The reply should hold only the lines below beginning at the one with "3D rendering of" and ending at the one with "もう一枚紙をもらってもペタペタ楽しんでいましたよ![]()", copied exactly, with every picture left out.

=== SUPPLIED MATERIAL ===

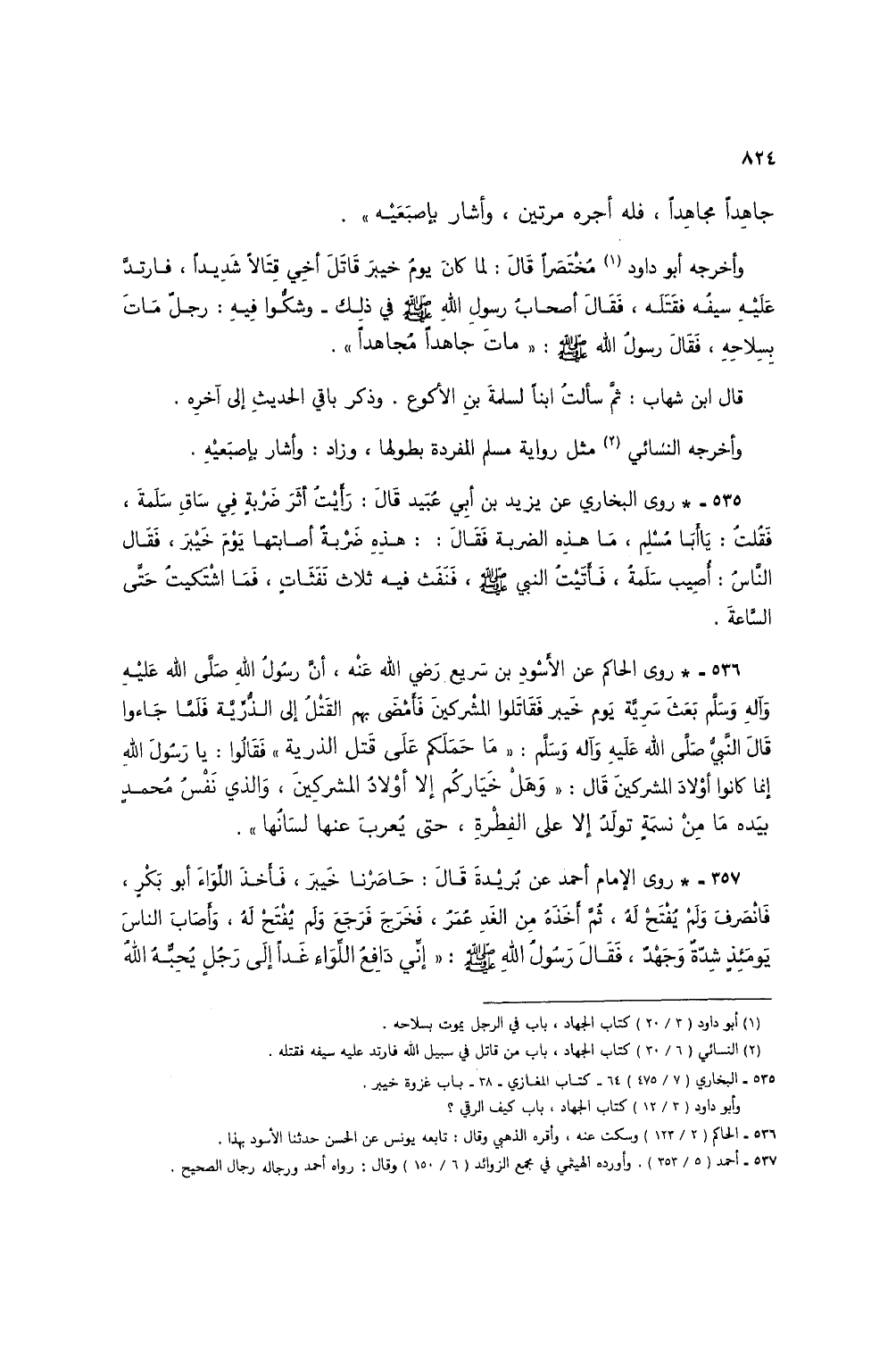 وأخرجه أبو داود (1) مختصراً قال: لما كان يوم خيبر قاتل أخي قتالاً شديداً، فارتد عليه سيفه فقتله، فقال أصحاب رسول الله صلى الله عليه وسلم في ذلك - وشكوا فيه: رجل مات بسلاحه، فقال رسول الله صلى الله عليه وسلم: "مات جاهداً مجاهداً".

===
=== SUPPLIED MATERIAL ===

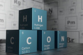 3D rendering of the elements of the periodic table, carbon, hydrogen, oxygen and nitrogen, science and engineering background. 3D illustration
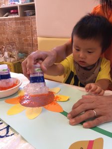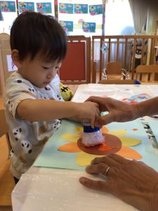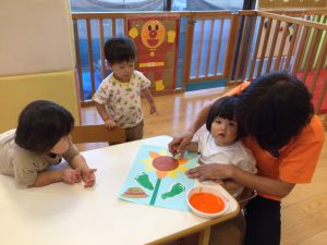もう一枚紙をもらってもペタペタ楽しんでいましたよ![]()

===
=== SUPPLIED MATERIAL ===

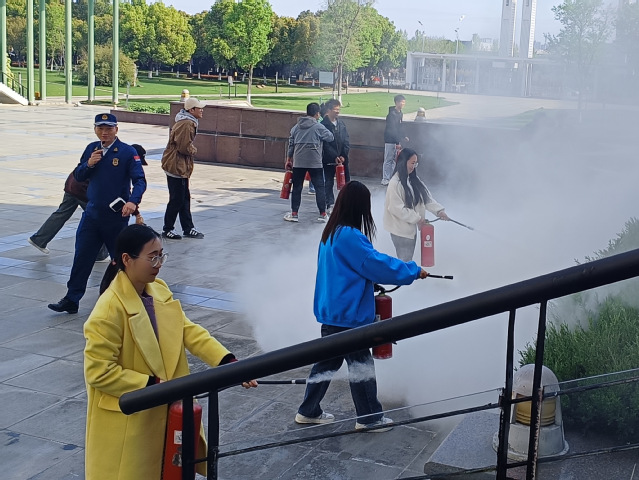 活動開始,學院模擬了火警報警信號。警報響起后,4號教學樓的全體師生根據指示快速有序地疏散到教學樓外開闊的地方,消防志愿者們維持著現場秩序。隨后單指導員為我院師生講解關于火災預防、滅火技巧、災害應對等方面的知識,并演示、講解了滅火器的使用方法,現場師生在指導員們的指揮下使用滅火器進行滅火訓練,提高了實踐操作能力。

===

EXPECTED OUTPUT:
 3D rendering of the elements of the periodic table, carbon, hydrogen, oxygen and nitrogen, science and engineering background. 3D illustration
もう一枚紙をもらってもペタペタ楽しんでいましたよ![]()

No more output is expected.